А Михаил встал. Встал во весь рост и пошел на выход. Авось бабы сумеют проголосовать и без него. Зато Анфиса Петровна лишний раз увидит, кто ее срезал. Пускай посмотрит. Он не таится. Квиты! Ты мне насолила, жизнь разломала, и я не остался в долгу. Сполна рассчитался.

3

— Ну, ты выдал! Прямо под дыхало ей… — заговорил Петр Житов, спускаясь с крыльца.

Хлынувшие вслед за ним из клуба бабы едва не сбили его с ног. А когда выбрались на твердую, накатанную дорогу, дали волю своим языкам. Два черных говорливых ручья покатились от клуба.

— Вот оно когда, собранье-то, у них началось, — заметил Петр Житов.

К ним, попыхивая цигарками, подошли еще мужики: Иван Яковлев, Костя-атаман, Василий Иняхин.

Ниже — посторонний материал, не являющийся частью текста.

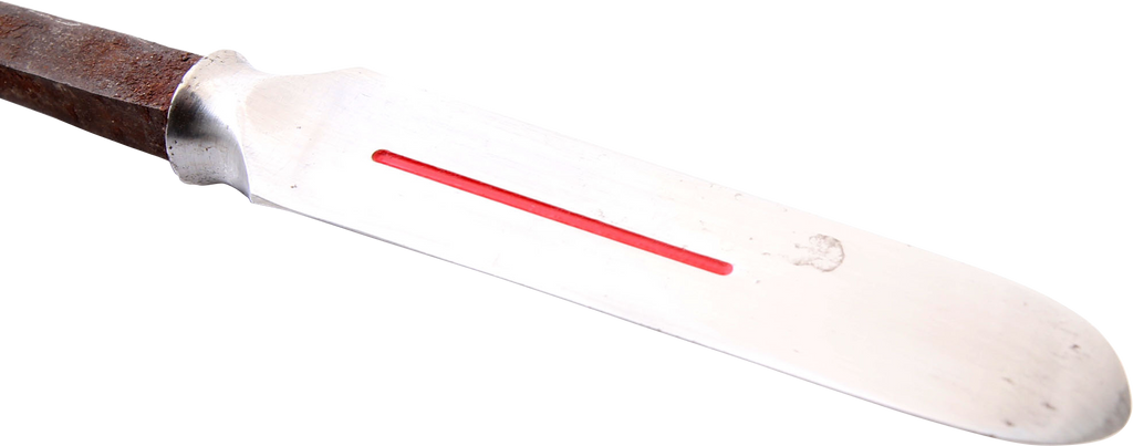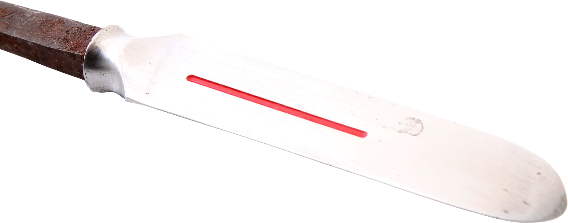 Edo period, before 1867, probably about 1800. 19 7/8" length with 4 1/8" triangular section point. The broadest face with a narrow fuller with red lacquer fill. Flared base and upturned tip, all in bright polish. Tapered tang with two holes for securing peg.

Петр Житов в ознаменование наступления мужского царства в Пекашине предложил скинуться по трояку. Все предложение это приняли и без лишних разговоров двинулись к Марине-стрелехе, так сказать, на нейтральную территорию, где будут исключены всякие домашние помехи.

Михаил дошел с мужиками до правления и вдруг раздумал: завтра рано выезжать в Ручьи, а он еще и дома не был. Что там делается? В прошлый раз, как ни упрашивал его Евсей Мошкин, он не мог заставить себя заглянуть домой. Походил-походил вокруг да около и поехал в район: будь что будет, пускай под суд его отдадут, а он должен увидеть Варвару. Своими глазами. Ну а после этой вылазки в район ему и вовсе не до семьи было.

Да и вообще, думал Михаил, подходя к своему дому, можно было бы и сегодня не заходить. Пускай на своей шкуре испытают, что это такое — дрова из-под снега добывать. Полезно! А то, когда за людей всё другие делают, хамеж у них развивается.

Войдя в заулок со стороны задворок (врасплох хотелось нагрянуть), он все-таки заглянул в дровяник.

Дрова есть. Правда, мутовки. И сразу видно, кто добывал. Бабью работу по зарубу узнаешь — кряж со всех сторон изгрызен, будто и не топор в руках был. Может, только одна баба и умеет в Пекашине рубить по-мужицки — Анфиса Петровна…

«А ну ее к дьяволу! — выругался про себя Михаил. — Кой черт на память лезет!»

У крыльца он поскользнулся и едва не упал. Оказывается, у ребят почти впритык к крыльцу сделана ледяная горка.

— Чего смотрите? — заорал он, вламываясь в избу. Это относилось к матери и Лизке. — Те скоро с крыльца ездить будут. Через окошко влезать в дом?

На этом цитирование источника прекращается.